Pictures in the records below must be left out. Return exactly the lines from the line with "Progress! Built, painted, and" to the line with "Milano Vis - Chrome", both included.
Data to process section start
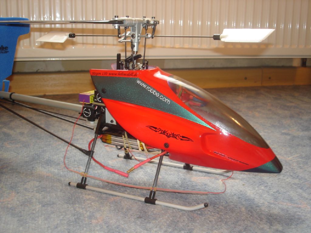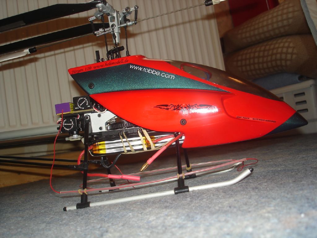 Die Einstellung von 55% Empfindlichkeit am Gyro, sowie die von mir geschätzte Länge der Heckanlenkung, passte auch auf Anhieb.
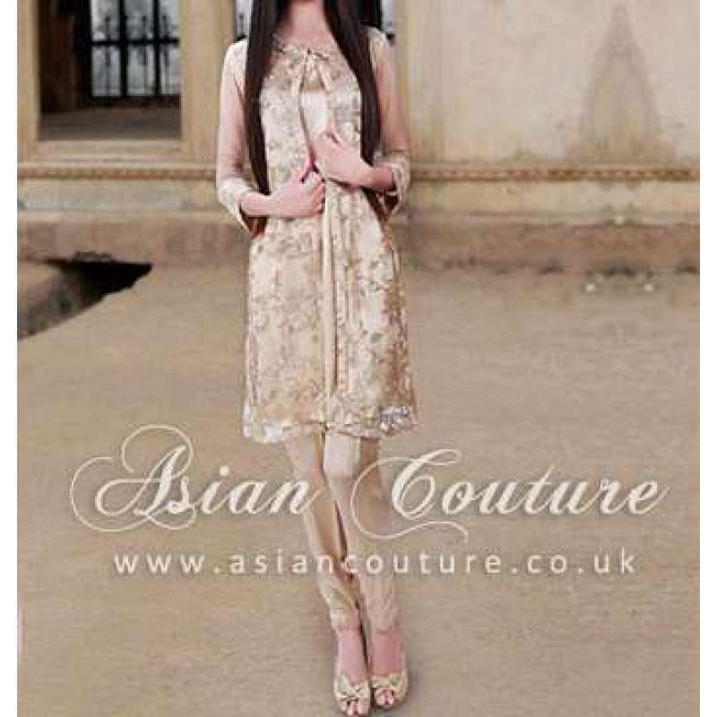 Beautiful Beige coloured Straight Cut Kameez. Beige emboridery on the front and a maroon and green stylish work on Back. Large Border on the bottom of the kameez and cuffs of sleeves, in Gold intertwinned with green and maroon embroidery.
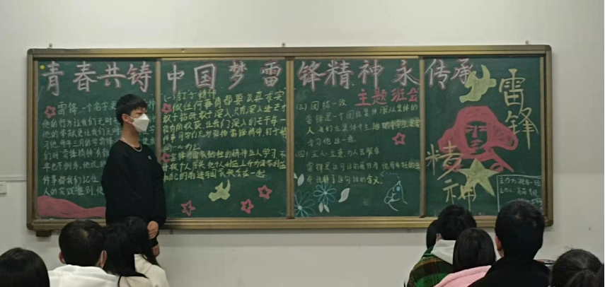 艺术设计系团总支开展“弘扬雷锋精神”黑板报评比活动。将雷锋精神深入贯彻到青年学生群体中,激励和引导青年学生积极向上。举办”最美校园 青春助力”、”文明餐桌 光盘行动“等活动弘扬和诠释雷锋精神。
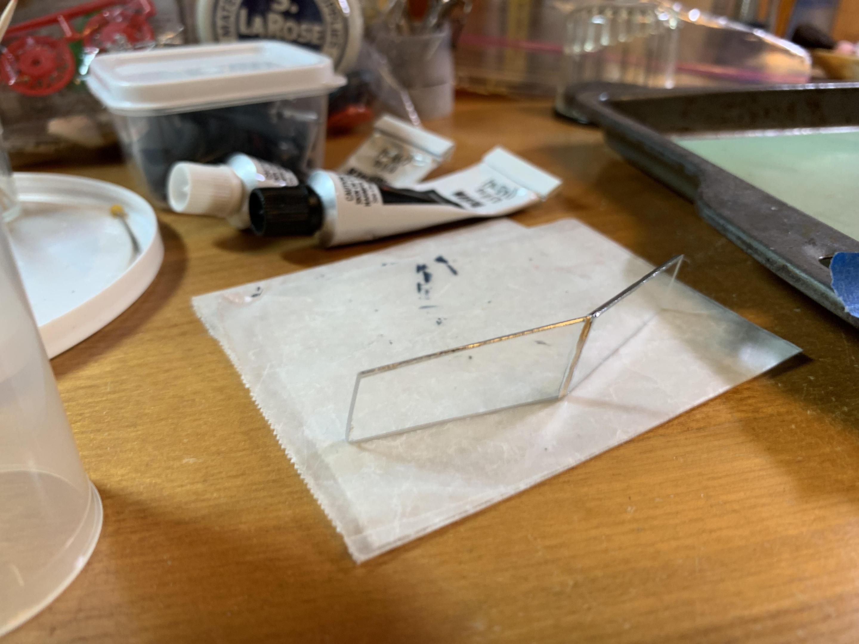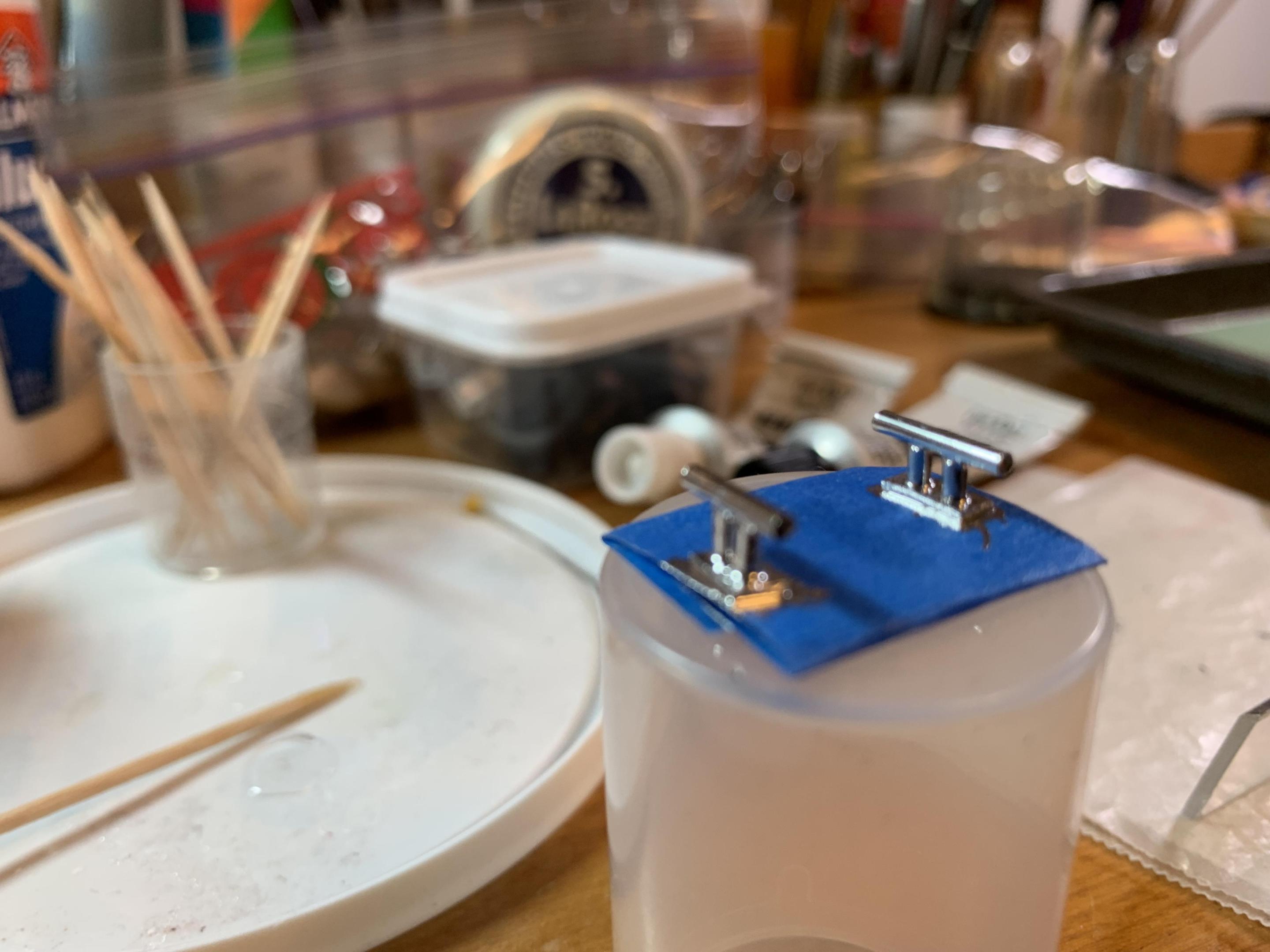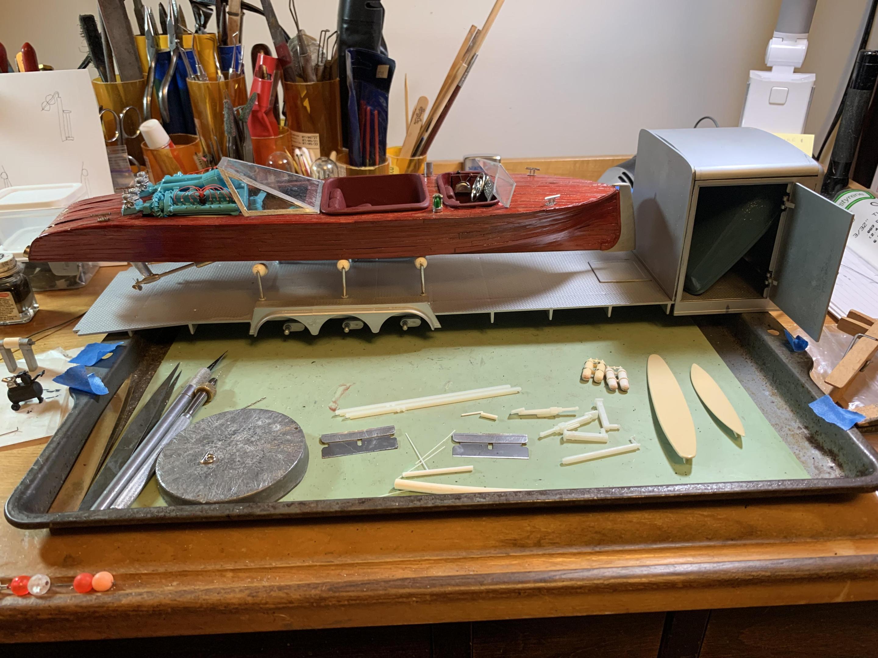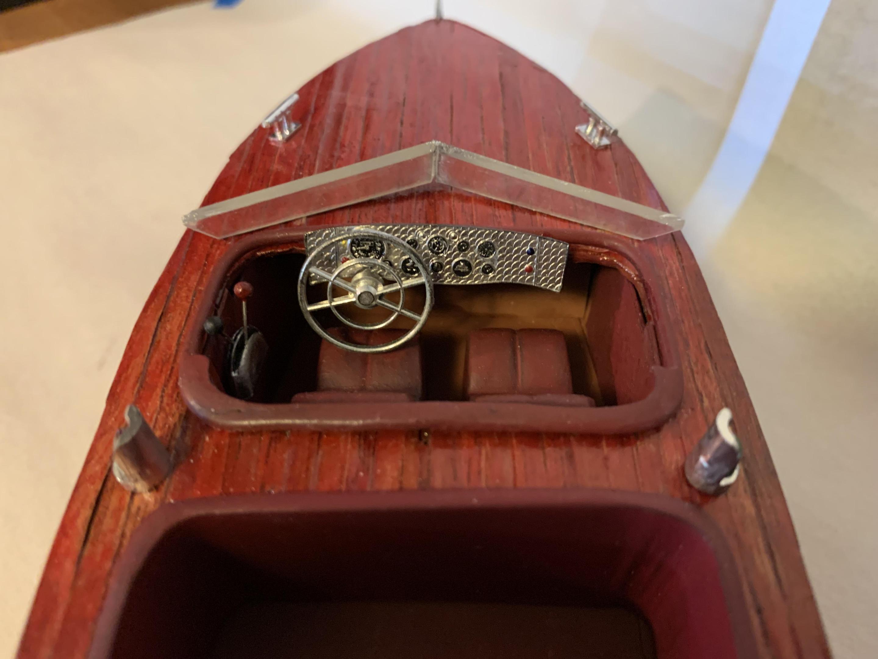 Progress! Built, painted, and installed the control levers for the forward, neutral, and reverse gear box (seen in the engine windscreen pix). Was able to get a nice windshield built, now in the process of applying Molotow chrome (pic shows the windshield upside down). Also am fabricating deck mooring cleats from rod stock, got two of them Molotowed as well. Cut out the "glass" for the engine windscreen and cut the openings in the lower section. These are ordinary card stock, folded to shape. Upper section yet to be cut, will sandwich the transparent stock between them after giving both a Molotow bath! -
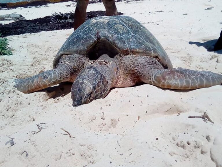Tortuga marina muerta en playa San Martín.
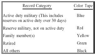 RECORD CATEGORY TAPE Immediately below the retirement year tape box is a similar box that should be used to indicate the record category. Use 1/2-inch wide, bright-colored tape in strips approximately l-inch long. Attach the tape in the space provided and extend the tape around the edge of the jacket to the back. All dental records should be identified with colored tape in the "RECORD CATEGORY TAPE" box, according to the following categories listed below:
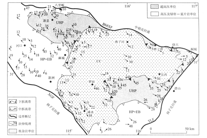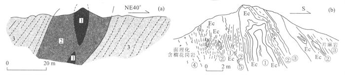 a: 1.石榴橄榄岩; 2.块状榴辉岩; 3. 面理化榴辉岩.b: ①面理化榴辉岩(Ec); ②退变质榴辉岩; ③高压片麻岩; ④面理化含榴花岗岩; ⑤角闪岩相剪切带
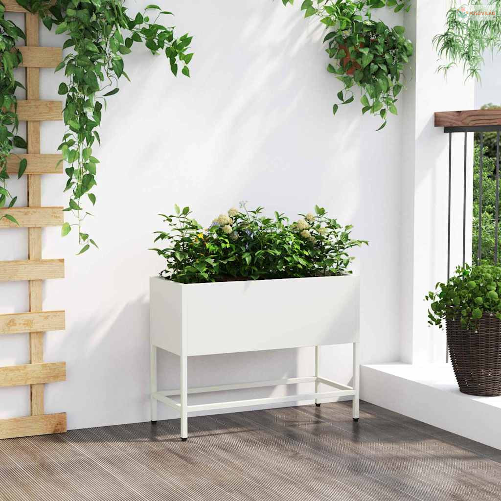 Magas Kerti Cserép Fehér 60 x 26 x 45 cm Acél
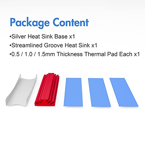 - [ High Quality Material ] Package comes with 237 W/mk Aluminum Alloy Heatsink with corrosion resistance, hardness, wear resistance and 6.0 W/mk Silicone Thermal Pads x2
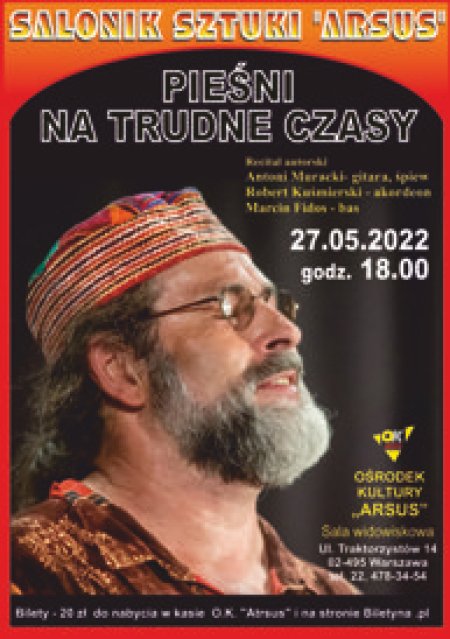 Recital autorski - "PIEŚNI NA TRUDNE CZASY" Antoni Muracki – pieśniarz, poeta, kompozytor i muzyk. ROBERT KUŚMIERSKI - akordeon mARCIN FIDOS - bas
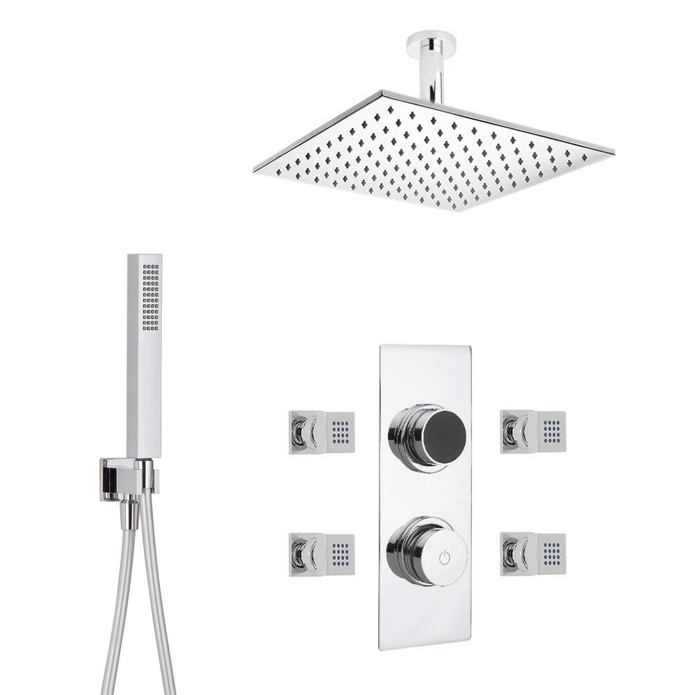 Milano Vis - Chrome Thermostatic Digital Shower with Square Shower Head, Hand Shower and Body Jets (3 Outlet)
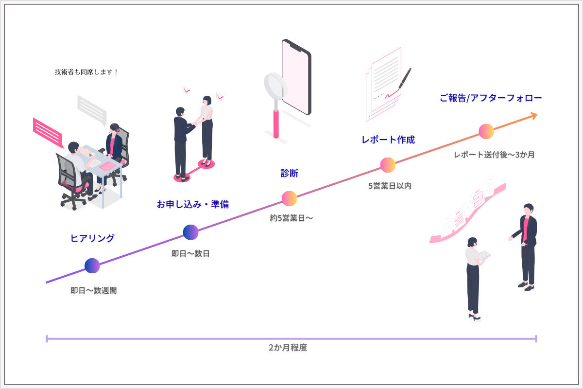 「自社のアプリにはどの診断が必要?」「リリースまで時間がない!」といった場合も、まずはWeb会議にて技術的な観点からアドバイスさせていただきます。
Data to process section end
## Answer below
 Progress! Built, painted, and installed the control levers for the forward, neutral, and reverse gear box (seen in the engine windscreen pix). Was able to get a nice windshield built, now in the process of applying Molotow chrome (pic shows the windshield upside down). Also am fabricating deck mooring cleats from rod stock, got two of them Molotowed as well. Cut out the "glass" for the engine windscreen and cut the openings in the lower section. These are ordinary card stock, folded to shape. Upper section yet to be cut, will sandwich the transparent stock between them after giving both a Molotow bath! -
Tortuga marina muerta en playa San Martín.
 RECORD CATEGORY TAPE Immediately below the retirement year tape box is a similar box that should be used to indicate the record category. Use 1/2-inch wide, bright-colored tape in strips approximately l-inch long. Attach the tape in the space provided and extend the tape around the edge of the jacket to the back. All dental records should be identified with colored tape in the "RECORD CATEGORY TAPE" box, according to the following categories listed below:
 a: 1.石榴橄榄岩; 2.块状榴辉岩; 3. 面理化榴辉岩.b: ①面理化榴辉岩(Ec); ②退变质榴辉岩; ③高压片麻岩; ④面理化含榴花岗岩; ⑤角闪岩相剪切带
 Magas Kerti Cserép Fehér 60 x 26 x 45 cm Acél
 - [ High Quality Material ] Package comes with 237 W/mk Aluminum Alloy Heatsink with corrosion resistance, hardness, wear resistance and 6.0 W/mk Silicone Thermal Pads x2
 Recital autorski - "PIEŚNI NA TRUDNE CZASY" Antoni Muracki – pieśniarz, poeta, kompozytor i muzyk. ROBERT KUŚMIERSKI - akordeon mARCIN FIDOS - bas
 Milano Vis - Chrome Thermostatic Digital Shower with Square Shower Head, Hand Shower and Body Jets (3 Outlet)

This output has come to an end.